Lo vemos hoy en el rostro cansado de Gino Marzano, hermano de Lizeth, quien tiene que peregrinar por los canales de televisión clamando por una verdad evidente. Esa misma desesperación es la que viven a diario las madres y familias de las víctimas de feminicidio, rogando en los exteriores de los juzgados para que los contactos del agresor no terminen borrando la memoria de las mujeres que nos faltan.

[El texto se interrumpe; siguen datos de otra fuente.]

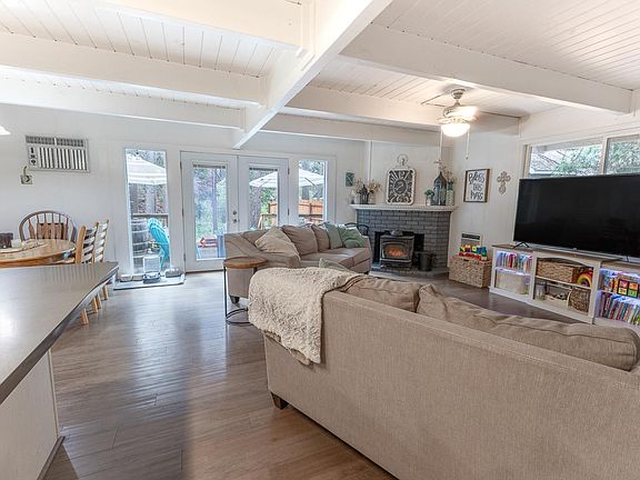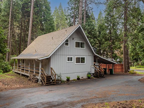 Nestled away in the pines, this updated, turn-key home will brighten your day! Enjoy your private seasonal stream in the backyard, either from your back deck or through the large living room windows. There's plenty of room for your vehicles on the spacious level parking pad out front, and a covered carport to the side. When you walk into the home from any of the 3 entrances, you'll be astonished at the upgrades including a brand new water heater and also upgraded electrical panel! Large, open floor plan downstairs, with the kitchen, living room, a guest bedroom and full bathroom with newer floor. Next to the kitchen is the functional laundry room with outside access. Head upstairs to find the second bathroom and two more bedrooms, one being an open loft-style layout. Don't forget about the Crystal Falls Ranch HOA! You have access to both lakes, the beautiful Crystal Falls, stables, basketball and tennis courts, the large clubhouse, a gym, and a community garden! If you're looking for a peaceful feeling with a touch of elegance, this home is for you! Professional to come on Sunday!

El asfalto que nos duele a todas
Lizeth Marzano no perdió la vida únicamente por el violento impacto de un vehículo. Murió por los minutos cruciales que le robaron y por el abandono.
Este 8 de marzo, esa imagen debe sacudirnos la conciencia. Porque a las mujeres en el Perú no solo las mata el primer golpe del agresor. Las mata la indiferencia de los testigos, las mata el pacto de silencio de la familia del atacante, y las remata un sistema de justicia indolente, diseñado para buscarle atenuantes al victimario.
La impunidad en nuestro país no es un accidente; es una construcción colectiva a base de omisiones. Este 8M, la exigencia es clara: no queremos más pactos de privilegio. Escribimos y gritamos para que ninguna mujer, nunca más, vuelva a ser dejada en el asfalto. Para que, de una vez por todas, el sistema deje de huir.